**Description of the task**
When you set down the entries, keep every word exactly as it is but drop the pictures.

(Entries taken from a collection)
- - -
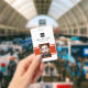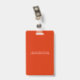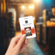 Personalised business office ID badge featuring a red and white background, a photo of the employee, your company logo, name and profession.
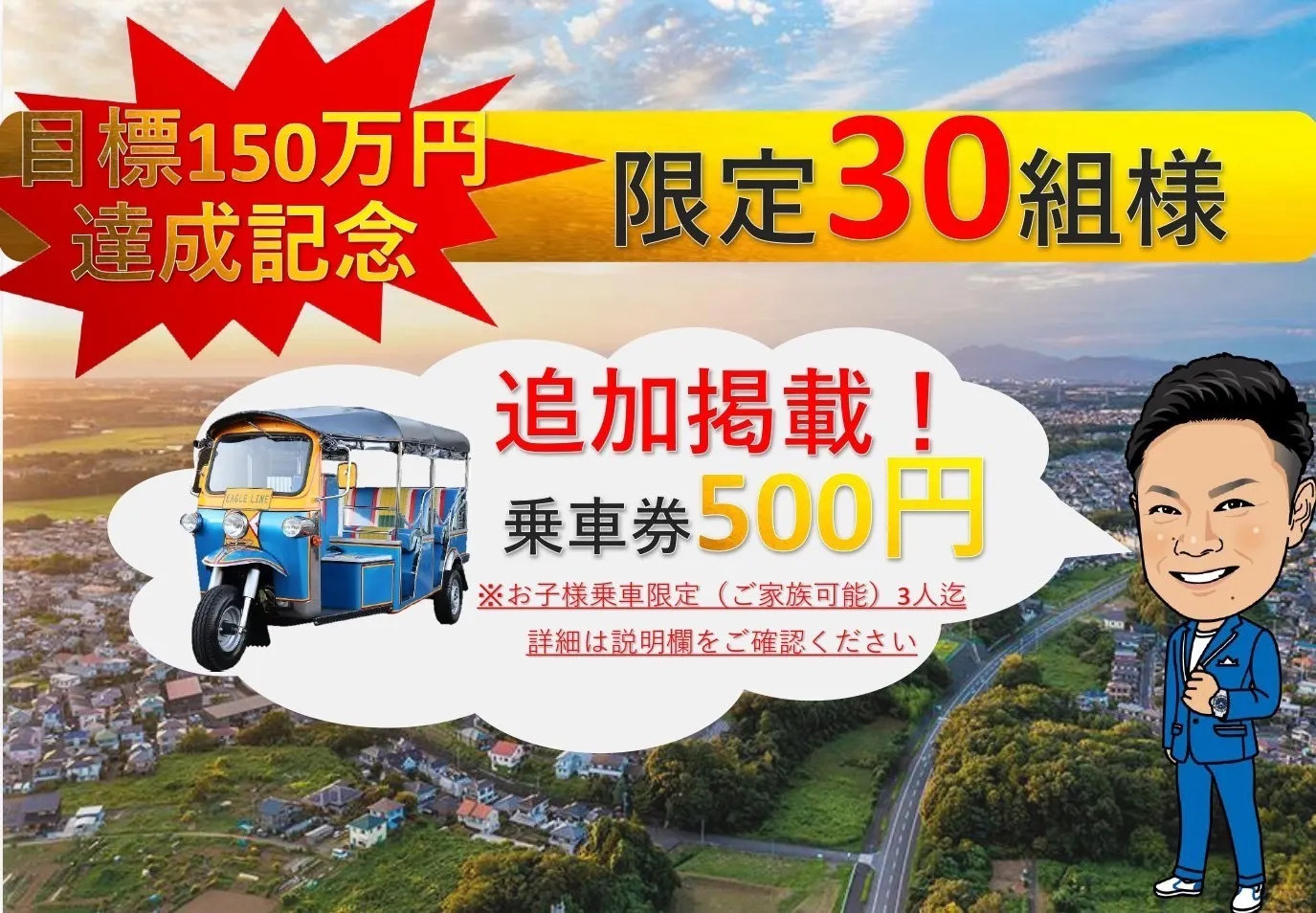 目標150万円達成記念、トゥクトゥク5分間乗れる券、乗車1回券
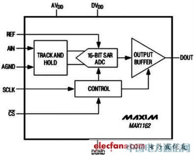MAX1162是一款低功耗、16位模数转换器(ADC),采用逐次逼近型ADC结构,具有自动关断、1.1μs快速唤醒和兼容于SPI/QSPI/MICROWIRE的高速接口。MAX1162工作于+5V单模拟电源,并且具有独立的数字电源引脚,允许芯片直接和+2.7~+5.25V的数字逻辑接口。
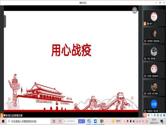 为进一步加强学生防疫教育工作,2022年5月14日,我院于线上举行用心战疫教育相关的主题会议。参加本次会议的有马克思主义学院党委副书记毛雯老师、团总支副书记王雅文老师以及马克思主义学院全体学生。
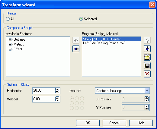 Apply the italic transformation: Start the Transformer Wizard by selecting the menu option Glyph Transformer from the Tools menu.
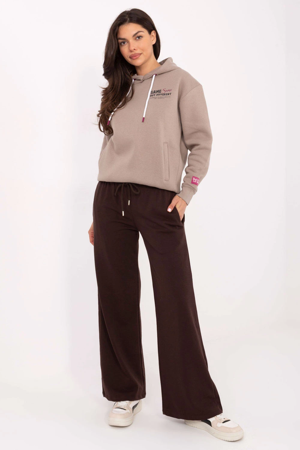 Kalhoty ve sportovním stylu, ideální na každý den. Vyrobené z vysoce kvalitní směsi bavlny a polyesteru, poskytují pohodlí a odolnost. Klasický, hladký design se skvěle hodí k různým stylizacím. Mají střední výšku a rovné nohavice, co zaručuje volnost pohybu. Stahovací pás umožňuje ideální přizpůsobení, a boční kapsy jsou praktické. Univerzální model, který se osvědčí jak doma, tak při aktivitách venku.
- - -
**Answer to the exercise**
 Personalised business office ID badge featuring a red and white background, a photo of the employee, your company logo, name and profession.
 目標150万円達成記念、トゥクトゥク5分間乗れる券、乗車1回券
MAX1162是一款低功耗、16位模数转换器(ADC),采用逐次逼近型ADC结构,具有自动关断、1.1μs快速唤醒和兼容于SPI/QSPI/MICROWIRE的高速接口。MAX1162工作于+5V单模拟电源,并且具有独立的数字电源引脚,允许芯片直接和+2.7~+5.25V的数字逻辑接口。
 为进一步加强学生防疫教育工作,2022年5月14日,我院于线上举行用心战疫教育相关的主题会议。参加本次会议的有马克思主义学院党委副书记毛雯老师、团总支副书记王雅文老师以及马克思主义学院全体学生。
 Apply the italic transformation: Start the Transformer Wizard by selecting the menu option Glyph Transformer from the Tools menu.
 Kalhoty ve sportovním stylu, ideální na každý den. Vyrobené z vysoce kvalitní směsi bavlny a polyesteru, poskytují pohodlí a odolnost. Klasický, hladký design se skvěle hodí k různým stylizacím. Mají střední výšku a rovné nohavice, co zaručuje volnost pohybu. Stahovací pás umožňuje ideální přizpůsobení, a boční kapsy jsou praktické. Univerzální model, který se osvědčí jak doma, tak při aktivitách venku.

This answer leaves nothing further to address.